* _Listed records_
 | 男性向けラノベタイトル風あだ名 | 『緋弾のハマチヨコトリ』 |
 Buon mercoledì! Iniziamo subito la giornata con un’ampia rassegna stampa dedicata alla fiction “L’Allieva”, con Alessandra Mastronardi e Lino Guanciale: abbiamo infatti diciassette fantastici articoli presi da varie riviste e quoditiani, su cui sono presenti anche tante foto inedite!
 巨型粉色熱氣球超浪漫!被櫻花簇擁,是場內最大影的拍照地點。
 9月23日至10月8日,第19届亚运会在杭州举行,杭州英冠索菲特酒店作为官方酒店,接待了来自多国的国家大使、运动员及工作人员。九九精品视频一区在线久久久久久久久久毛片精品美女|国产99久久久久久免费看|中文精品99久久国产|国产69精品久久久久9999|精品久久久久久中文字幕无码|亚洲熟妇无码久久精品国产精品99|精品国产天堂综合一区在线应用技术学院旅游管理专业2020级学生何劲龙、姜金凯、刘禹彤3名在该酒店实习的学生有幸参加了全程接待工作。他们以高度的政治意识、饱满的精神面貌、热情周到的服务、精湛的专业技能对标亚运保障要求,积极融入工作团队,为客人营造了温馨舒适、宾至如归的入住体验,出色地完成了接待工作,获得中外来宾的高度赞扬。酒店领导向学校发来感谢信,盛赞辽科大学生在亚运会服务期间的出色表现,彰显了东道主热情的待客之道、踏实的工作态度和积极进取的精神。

---

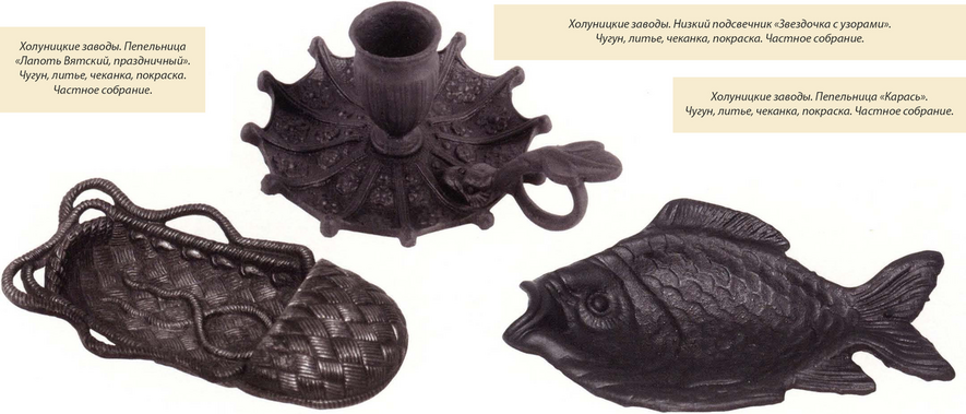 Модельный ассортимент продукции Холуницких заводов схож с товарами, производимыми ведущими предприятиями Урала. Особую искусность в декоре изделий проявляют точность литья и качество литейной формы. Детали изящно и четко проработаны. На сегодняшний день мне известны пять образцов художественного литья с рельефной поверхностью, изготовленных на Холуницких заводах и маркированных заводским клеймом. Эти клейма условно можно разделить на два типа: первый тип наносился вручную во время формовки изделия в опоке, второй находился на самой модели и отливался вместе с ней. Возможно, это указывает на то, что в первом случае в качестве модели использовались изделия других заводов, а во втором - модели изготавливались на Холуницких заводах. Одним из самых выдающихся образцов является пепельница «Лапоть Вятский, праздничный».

* _What you are asked to do_
From the records above, quote only the lines running from the line with "Buon mercoledì! Iniziamo" to the line with "巨型粉色熱氣球超浪漫!被櫻花簇擁,是場內最大影的拍照地點。", both lines included.

* _Output for this exercise_
 Buon mercoledì! Iniziamo subito la giornata con un’ampia rassegna stampa dedicata alla fiction “L’Allieva”, con Alessandra Mastronardi e Lino Guanciale: abbiamo infatti diciassette fantastici articoli presi da varie riviste e quoditiani, su cui sono presenti anche tante foto inedite!
 巨型粉色熱氣球超浪漫!被櫻花簇擁,是場內最大影的拍照地點。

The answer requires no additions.